» **About this exercise**
Set down the full listing exactly as given. Any pictures are to be left out.

» **Supplied data**
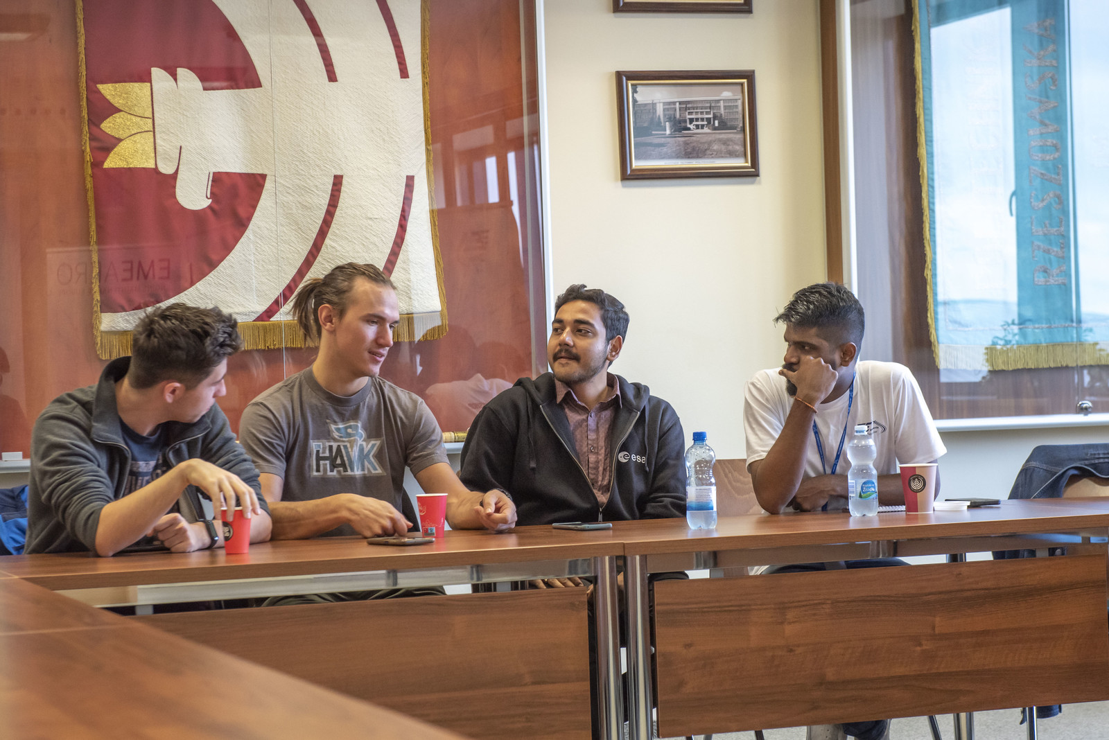 Studentów z Włoch, Grecji, Hiszpanii i Rumuni przywitali przedstawiciele władz uczelni: prorektor ds. rozwoju i współpracy z otoczeniem prof. dr hab. inż. Jarosław Sęp i prorektor ds. studenckich prof. dr hab. Grzegorz Ostasz oraz dziekan Wydziału Budowy Maszyn i Lotnictwa dr hab. inż. Adam Marciniec, prof. PRz, dyrektor Ośrodka Kształcenia Lotniczego dr inż. Arkadiusz Rzucidło, kierownik Katedry Awioniki i Sterowania dr hab. inż. Tomasz Rogalski, prof. PRz oraz opiekun KN EUROAVIA Rzeszów dr inż. Grzegorz Drupka.
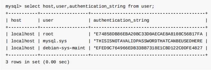 select host,user,authentication_string from user;
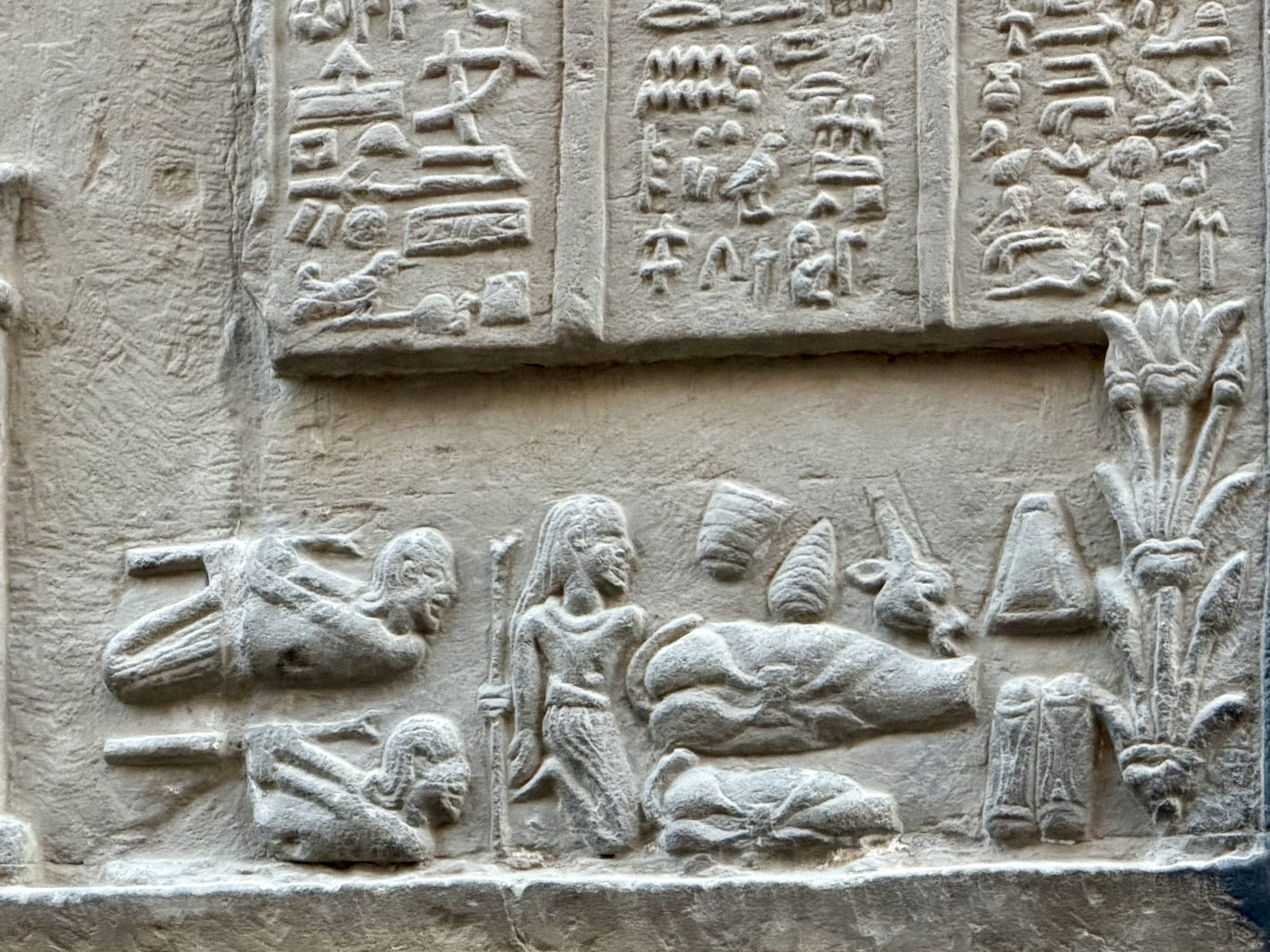 At first glance it appears to depict a hunting scene, but Alaa explained its deeper meaning. The hippopotamus symbolized chaos and destructive forces threatening balance in the world. Horus striking it represented the triumph of order over disorder, stability over danger.

» **Result for this task**
 Studentów z Włoch, Grecji, Hiszpanii i Rumuni przywitali przedstawiciele władz uczelni: prorektor ds. rozwoju i współpracy z otoczeniem prof. dr hab. inż. Jarosław Sęp i prorektor ds. studenckich prof. dr hab. Grzegorz Ostasz oraz dziekan Wydziału Budowy Maszyn i Lotnictwa dr hab. inż. Adam Marciniec, prof. PRz, dyrektor Ośrodka Kształcenia Lotniczego dr inż. Arkadiusz Rzucidło, kierownik Katedry Awioniki i Sterowania dr hab. inż. Tomasz Rogalski, prof. PRz oraz opiekun KN EUROAVIA Rzeszów dr inż. Grzegorz Drupka.
 select host,user,authentication_string from user;
 At first glance it appears to depict a hunting scene, but Alaa explained its deeper meaning. The hippopotamus symbolized chaos and destructive forces threatening balance in the world. Horus striking it represented the triumph of order over disorder, stability over danger.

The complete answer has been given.